(Activity):
In the entries below, begin at the line that has "collared-neckline with button", stop after the line that has "The Fallen Wall", and output those lines exactly with no pictures.

═════ Records for the exercise

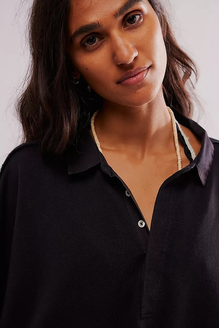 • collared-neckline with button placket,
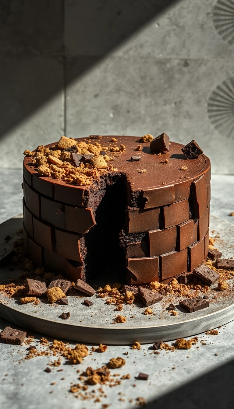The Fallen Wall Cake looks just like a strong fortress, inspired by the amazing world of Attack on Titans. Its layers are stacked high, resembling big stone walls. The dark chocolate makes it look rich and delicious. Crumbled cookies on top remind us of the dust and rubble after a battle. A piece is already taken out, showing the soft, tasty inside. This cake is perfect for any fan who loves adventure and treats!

══════════
═════ Records for the exercise

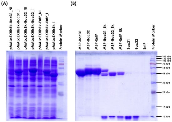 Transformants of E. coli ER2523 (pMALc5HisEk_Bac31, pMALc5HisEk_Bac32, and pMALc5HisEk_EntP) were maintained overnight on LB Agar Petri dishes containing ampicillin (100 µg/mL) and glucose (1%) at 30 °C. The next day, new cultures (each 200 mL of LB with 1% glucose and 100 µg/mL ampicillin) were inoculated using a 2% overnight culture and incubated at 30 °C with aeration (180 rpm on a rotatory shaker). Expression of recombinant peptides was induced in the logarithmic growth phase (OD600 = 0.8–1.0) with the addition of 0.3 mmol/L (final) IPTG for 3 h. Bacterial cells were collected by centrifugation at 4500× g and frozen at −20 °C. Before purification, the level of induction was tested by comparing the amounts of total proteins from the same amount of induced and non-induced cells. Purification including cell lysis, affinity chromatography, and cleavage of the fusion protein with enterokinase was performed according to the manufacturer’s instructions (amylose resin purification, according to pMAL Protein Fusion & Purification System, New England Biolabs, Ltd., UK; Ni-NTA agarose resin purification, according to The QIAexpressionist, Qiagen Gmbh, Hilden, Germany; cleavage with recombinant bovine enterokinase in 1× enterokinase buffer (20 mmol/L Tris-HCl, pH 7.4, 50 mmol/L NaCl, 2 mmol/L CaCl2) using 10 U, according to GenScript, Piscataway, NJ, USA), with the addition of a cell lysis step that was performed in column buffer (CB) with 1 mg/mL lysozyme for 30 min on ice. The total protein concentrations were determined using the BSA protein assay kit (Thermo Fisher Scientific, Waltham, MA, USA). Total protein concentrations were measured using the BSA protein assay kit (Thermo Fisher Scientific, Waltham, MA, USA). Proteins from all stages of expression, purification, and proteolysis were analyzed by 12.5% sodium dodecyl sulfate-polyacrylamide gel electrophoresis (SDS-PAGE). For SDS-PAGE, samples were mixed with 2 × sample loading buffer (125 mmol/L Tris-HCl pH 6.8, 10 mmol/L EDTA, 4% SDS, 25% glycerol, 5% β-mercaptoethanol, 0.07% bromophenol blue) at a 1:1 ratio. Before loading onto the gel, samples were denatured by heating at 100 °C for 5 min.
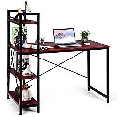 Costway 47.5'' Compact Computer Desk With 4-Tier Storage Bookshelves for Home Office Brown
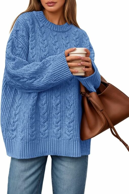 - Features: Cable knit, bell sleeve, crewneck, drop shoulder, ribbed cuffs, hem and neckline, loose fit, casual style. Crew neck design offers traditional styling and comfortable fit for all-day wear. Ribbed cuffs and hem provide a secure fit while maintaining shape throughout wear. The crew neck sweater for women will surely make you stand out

══════════

(Finished task):
 • collared-neckline with button placket,
The Fallen Wall Cake looks just like a strong fortress, inspired by the amazing world of Attack on Titans. Its layers are stacked high, resembling big stone walls. The dark chocolate makes it look rich and delicious. Crumbled cookies on top remind us of the dust and rubble after a battle. A piece is already taken out, showing the soft, tasty inside. This cake is perfect for any fan who loves adventure and treats!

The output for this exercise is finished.